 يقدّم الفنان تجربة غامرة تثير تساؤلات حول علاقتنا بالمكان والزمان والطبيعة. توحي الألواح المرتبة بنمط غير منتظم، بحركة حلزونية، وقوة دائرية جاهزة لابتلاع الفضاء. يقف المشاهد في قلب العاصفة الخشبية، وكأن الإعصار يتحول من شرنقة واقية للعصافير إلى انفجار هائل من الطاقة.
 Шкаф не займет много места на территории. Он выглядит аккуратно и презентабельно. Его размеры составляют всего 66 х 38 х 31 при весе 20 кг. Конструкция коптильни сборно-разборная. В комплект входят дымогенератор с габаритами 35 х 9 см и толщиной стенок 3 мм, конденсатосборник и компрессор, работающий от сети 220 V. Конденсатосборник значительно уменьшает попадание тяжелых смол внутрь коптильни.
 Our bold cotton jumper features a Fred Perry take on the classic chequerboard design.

--------------------------------------------------

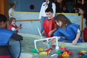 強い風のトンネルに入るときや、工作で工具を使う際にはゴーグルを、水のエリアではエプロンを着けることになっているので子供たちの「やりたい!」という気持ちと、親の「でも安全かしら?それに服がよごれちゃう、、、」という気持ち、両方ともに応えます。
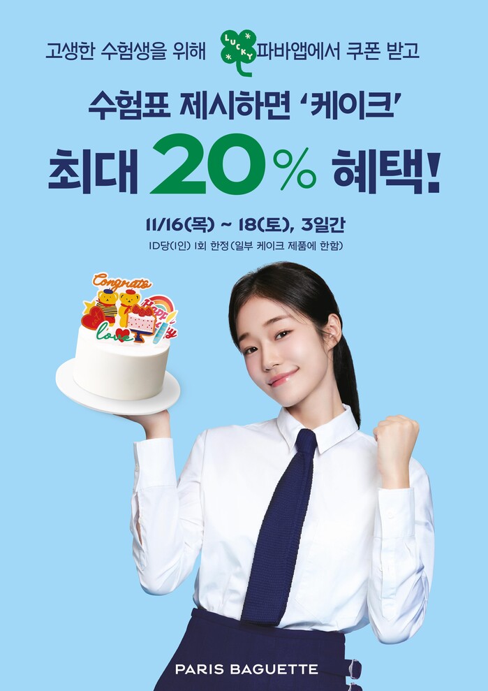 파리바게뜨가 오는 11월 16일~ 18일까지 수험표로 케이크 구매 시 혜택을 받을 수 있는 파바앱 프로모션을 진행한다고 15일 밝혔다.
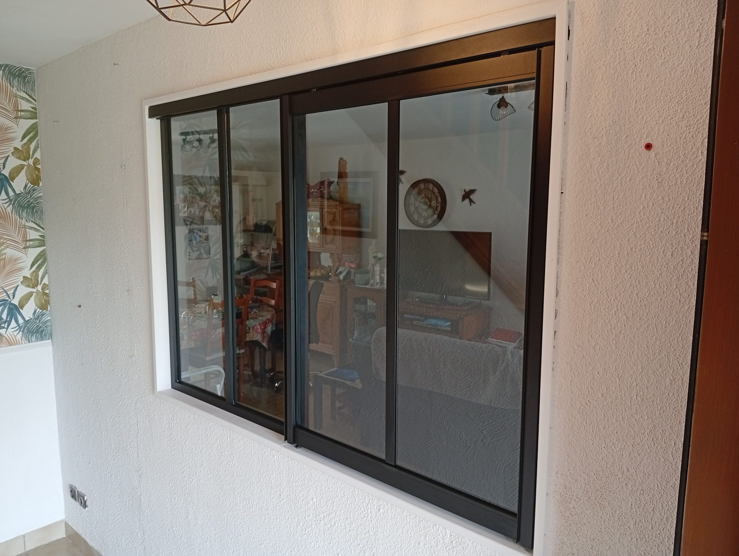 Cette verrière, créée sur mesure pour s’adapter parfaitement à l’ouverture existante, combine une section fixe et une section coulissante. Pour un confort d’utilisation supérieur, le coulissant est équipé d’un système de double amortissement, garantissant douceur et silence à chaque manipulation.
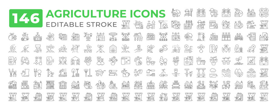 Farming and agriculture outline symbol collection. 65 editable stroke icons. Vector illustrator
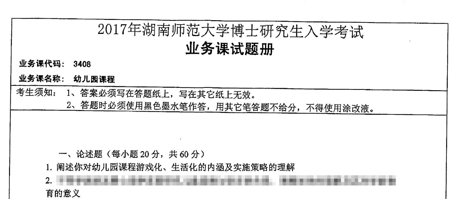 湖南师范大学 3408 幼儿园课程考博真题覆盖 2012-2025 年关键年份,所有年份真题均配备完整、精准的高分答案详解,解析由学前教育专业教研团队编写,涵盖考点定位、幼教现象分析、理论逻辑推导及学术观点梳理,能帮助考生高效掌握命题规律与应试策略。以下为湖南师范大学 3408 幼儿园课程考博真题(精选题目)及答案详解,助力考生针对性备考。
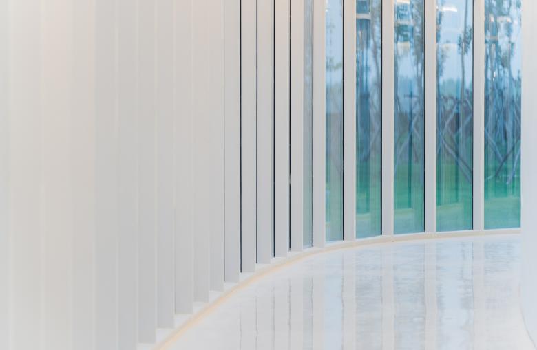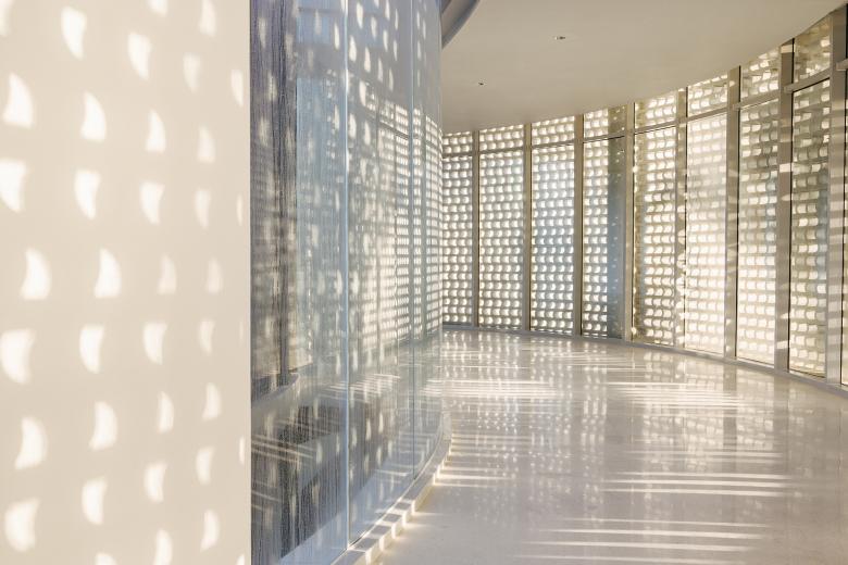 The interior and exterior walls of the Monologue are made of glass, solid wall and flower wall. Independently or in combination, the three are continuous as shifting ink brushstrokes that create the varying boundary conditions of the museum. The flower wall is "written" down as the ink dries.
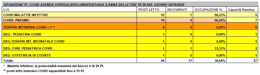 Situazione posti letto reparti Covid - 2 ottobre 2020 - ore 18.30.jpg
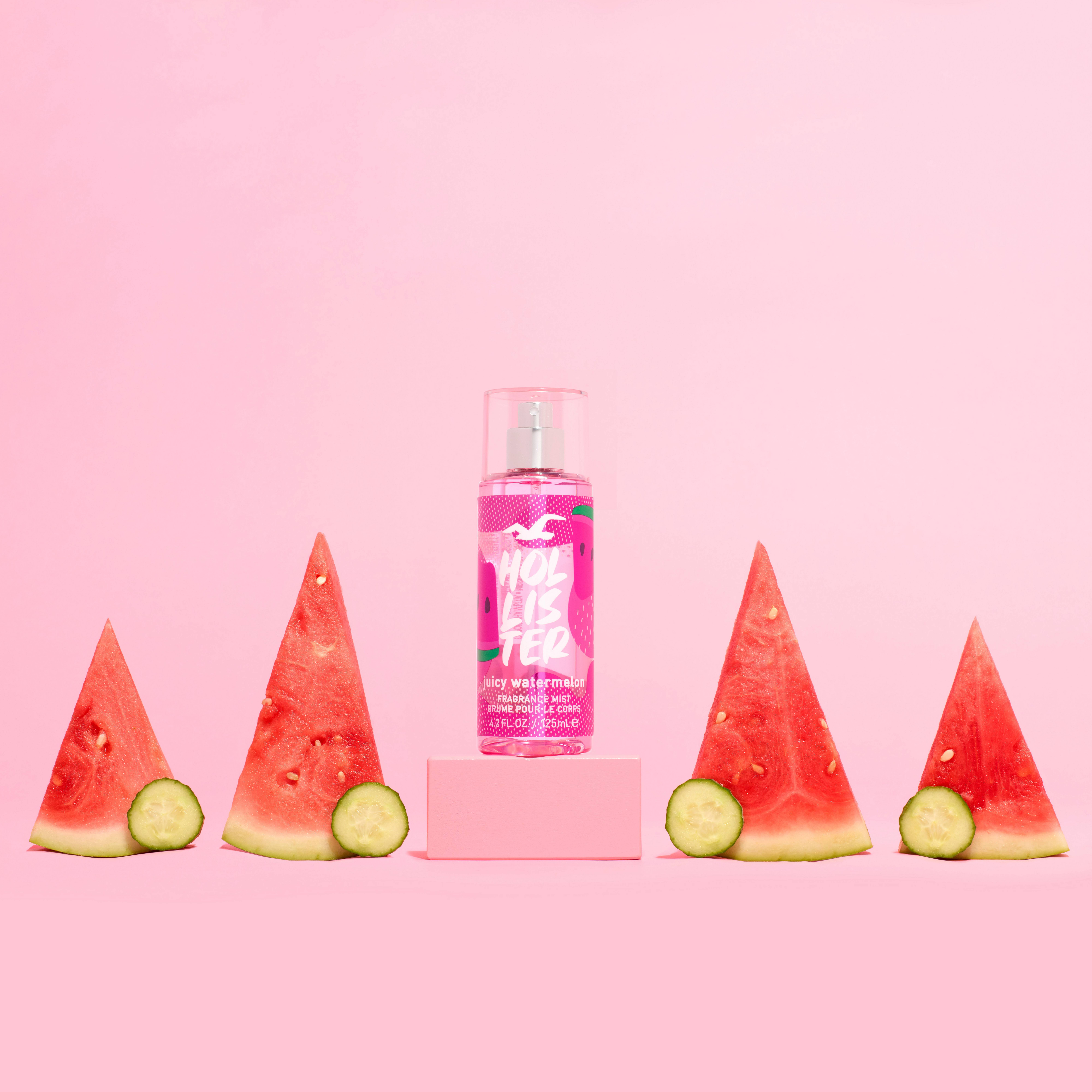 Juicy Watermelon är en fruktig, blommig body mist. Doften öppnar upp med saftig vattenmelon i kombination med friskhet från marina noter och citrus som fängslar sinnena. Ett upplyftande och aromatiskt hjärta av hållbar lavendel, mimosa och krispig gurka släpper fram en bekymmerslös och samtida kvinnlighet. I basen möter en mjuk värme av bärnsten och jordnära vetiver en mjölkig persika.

--------------------------------------------------

▶ [WORK TO BE COMPLETED]
Within the listing above, give again exactly every line from the line with "يقدّم الفنان تجربة" through the line with "Our bold cotton", both included, and no other line.

▶ [YOUR SOLUTION]
 يقدّم الفنان تجربة غامرة تثير تساؤلات حول علاقتنا بالمكان والزمان والطبيعة. توحي الألواح المرتبة بنمط غير منتظم، بحركة حلزونية، وقوة دائرية جاهزة لابتلاع الفضاء. يقف المشاهد في قلب العاصفة الخشبية، وكأن الإعصار يتحول من شرنقة واقية للعصافير إلى انفجار هائل من الطاقة.
 Шкаф не займет много места на территории. Он выглядит аккуратно и презентабельно. Его размеры составляют всего 66 х 38 х 31 при весе 20 кг. Конструкция коптильни сборно-разборная. В комплект входят дымогенератор с габаритами 35 х 9 см и толщиной стенок 3 мм, конденсатосборник и компрессор, работающий от сети 220 V. Конденсатосборник значительно уменьшает попадание тяжелых смол внутрь коптильни.
 Our bold cotton jumper features a Fred Perry take on the classic chequerboard design.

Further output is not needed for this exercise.